We then performed a series of deuterium labeling studies. Treatment of the deuterated cyclopropane 146-d with TBAF at −60 °C for 10 min resulted in the formation of the mono-deuterated 1,4-dihydroquinoline 147-d1 (90% D incorporation), which was further converted into the deuterated product 62-d with 20% D incorporation at the carbonyl carbon and 70% D retention at the C4-position. This result suggests that deuterium atoms in 146-d1 are perfectly retained in 62-d and hydrogen atoms transfer to carbonyl carbon preferentially over deuterium atoms. Bis-deuterated 1,4-dihydroquinoline 147-d2 (65% D incorporation) was isolated in 92% yield by treating 146-d with TBAF/D2O at −60 °C for 10 min. The cross-over experiment of deuterated 147-d2 and non-deuterated 149 afforded bis-deuterated compound 62-d and non-deuterated 56-d (Fig. 5b). Furthermore, D incorporation at carbonyl carbon was improved to 74% when using bis-deuterated 1,4-dihydroquinoline with 80% D incorporation (Supplementary Fig. 8). These results indicate that the aldehyde hydrogen in 56 may derive from the C4-H of the 1,4-dihydroquinoline intermediate, and proceed through a formal intramolecular 1,3-hydrogen shift. Interestingly, treatment of deuterated cyclopropane 150-d with TBAF in THF at 25 °C under a nitrogen atmosphere afforded the deuterated 1,4-dihydroquinoline 151 in NMR 98% yield, with 40% D incorporation at the N1-position and 30% D incorporation at the C4-position, presumably by an imine-enamine tautomerization. Subsequently, 151 could be oxidized by air to give 3-arylquinoline 70-d in 97% yield and with 10% D retention at the C4-position, further suggesting that direct carbon insertion may proceed via oxidative dehydrogenation of 1,4-dihydroquinoline (Fig. 5c). Finally, subjecting trifluoromethyl cyclopropane 152 to the standard reaction conditions but using H218O instead of H2O yielded the 18O-incorporated quinoline-3-carboxaldehyde 56-18O, indicating that the oxygen atom in the aldehyde is derived from water (Fig. 5d).

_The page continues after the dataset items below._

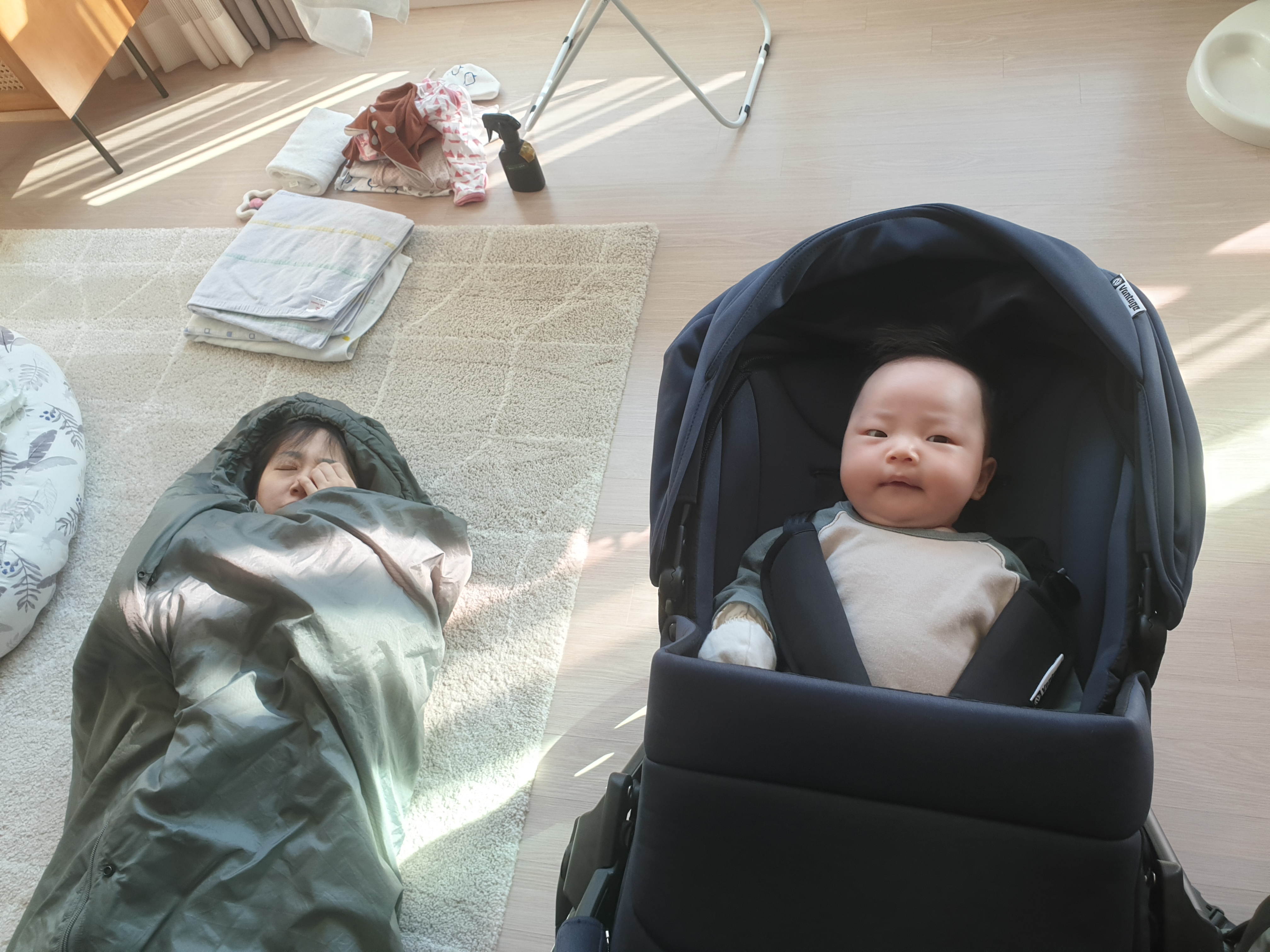당시 틀어져있던 TV는 호두가 보던 육아 유튜브. 그래서 저렇게 무서운 누나가 찍혔구나. 고마워. 호두.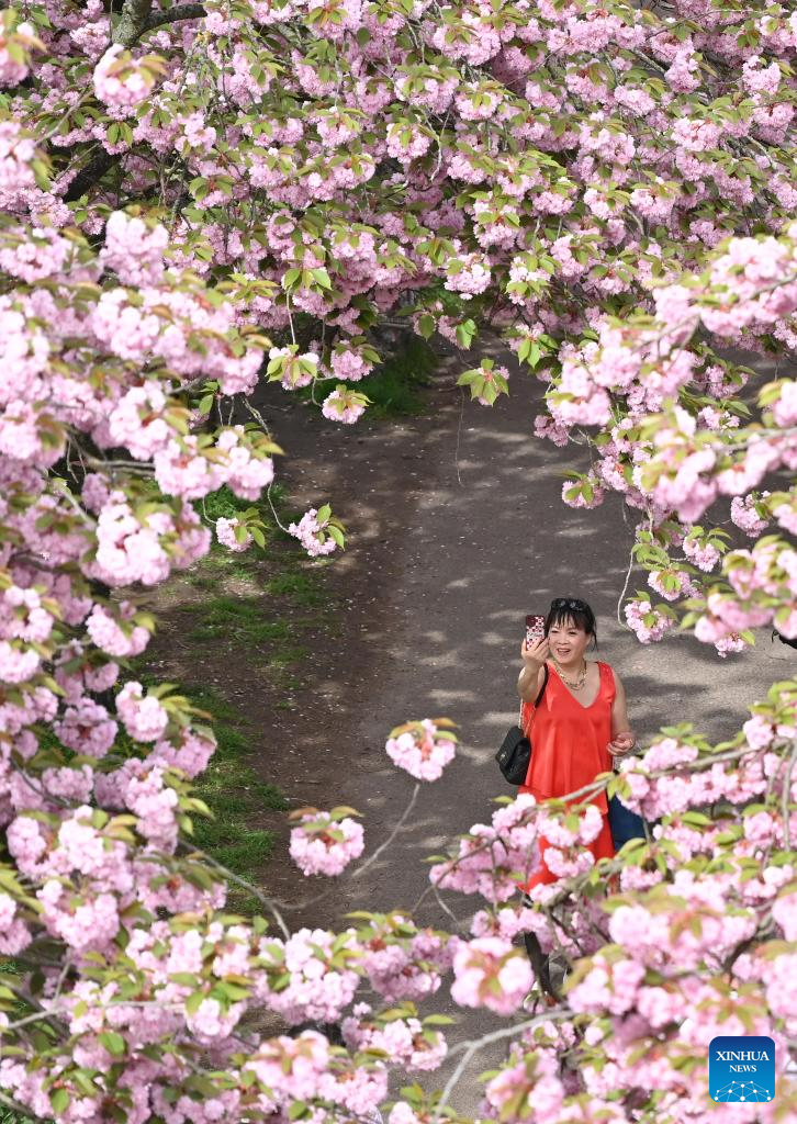A woman takes photos of cherry blossoms in Berlin, Germany, April 9, 2024. (Xinhua/Ren Pengfei)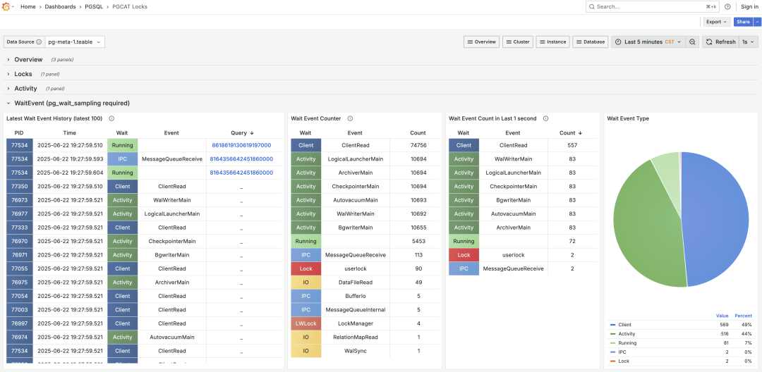 PG 内核本身只提供了当前活动正在等待什么,但是没有过去一段时间的等待事件纪录。只能通过插件实现,pg_wait_sampling 还有上面提到的 pgsentinel 都提供了这个功能,我也在监控面板上提供了对等待事件分析的支持。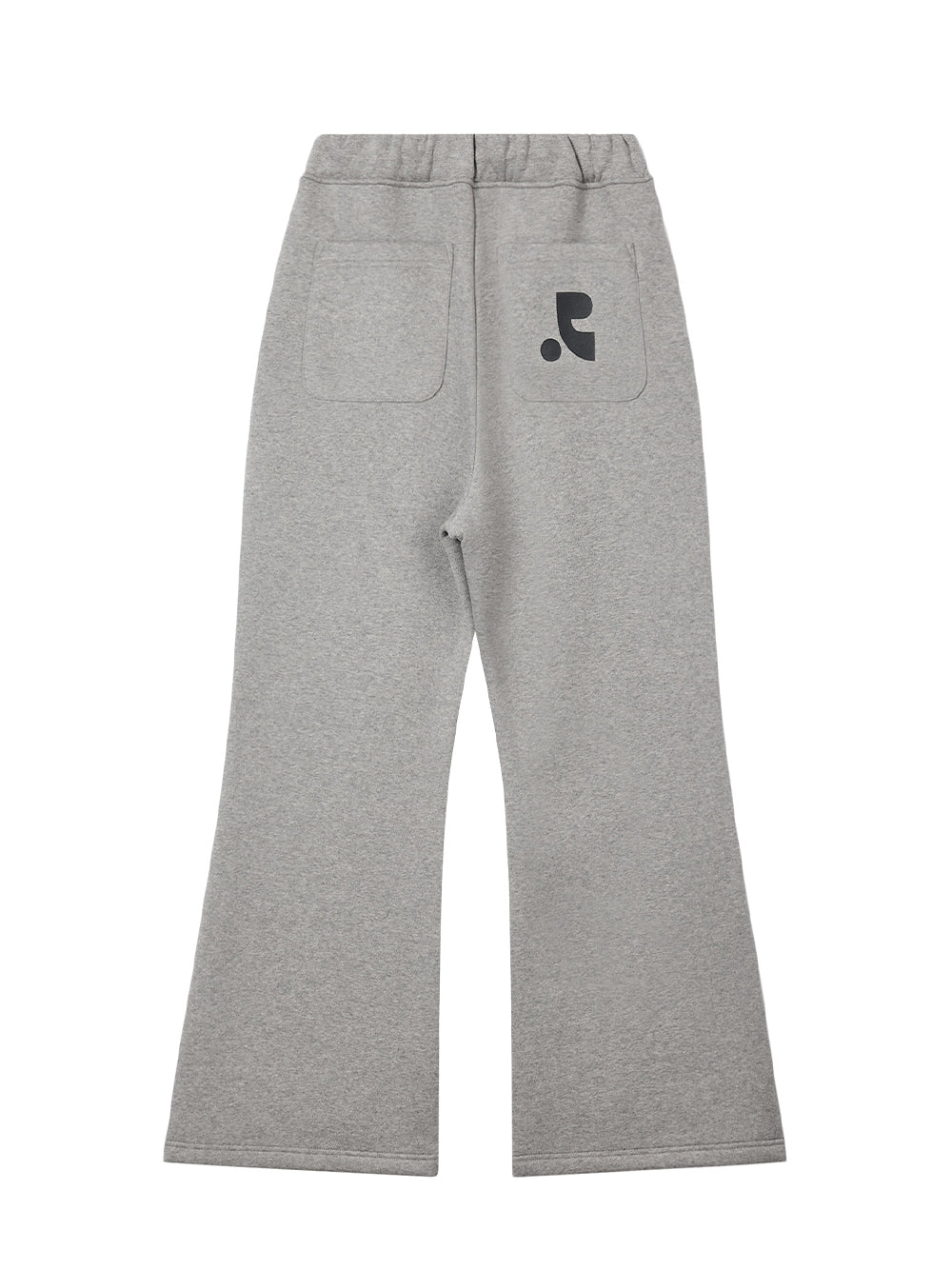 Flare Sweat Pants from REST & CREATION are crafted in a refined grey tone using a soft cotton-polyester blend with a smooth fleece lining for added comfort. Designed with a flexible waistband featuring a drawstring and stopper, the silhouette offers a clean flare fit enhanced by the signature RR symbol and lettering logo dyeing. For full material composition and garment care, please refer to the label inside the product.

Based on these experiments, possible reaction pathways for the C-D editing of indoles with fluoroalkyl carbenes are shown in Fig. 5e. Firstly, [2 + 1] cycloaddition of the indole with the in situ generated fluoroalkyl carbene occurs to form the N-TBS protected cyclopropane intermediate I, which undergoes TBS group deprotection with the assistance of TBAF or CsF. Concurrent or subsequent ring-opening generates the 3,4-dihydroquinoline anion II, which is readily protonated (by water) to furnish the 1,4-dihydroquinoline intermediate IV following imine-enamine tautomerization. From this key intermediate, two reaction pathways are possible, depending on the reaction conditions. Firstly, intermediate IV (R=F) can undergo oxidative aromatization with the strong oxidant DDQ to produce the 3-(trifluoromethyl)quinoline (3) (pathway I). Alternatively, the gem-difluoromethylene intermediate V can be formed by a base-mediated fluoride elimination (pathway II). On the one hand, intermediate V (R=CF3) undergoes a formal 1,3-hydrogen shift to deliver the defluorinated product 37. On the other hand, for intermediate V (R=F), oxa-Michael addition of water occurs to form intermediate VI, followed by HF elimination to generate intermediate VII. As evidenced by the deuterium labeling studies (vide supra), a formal 1,3-hydrogen shift of VII occurs to produce an intermediate VIII, which eliminates another molecule of HF to furnish the quinoline-3-carboxaldehyde product 56.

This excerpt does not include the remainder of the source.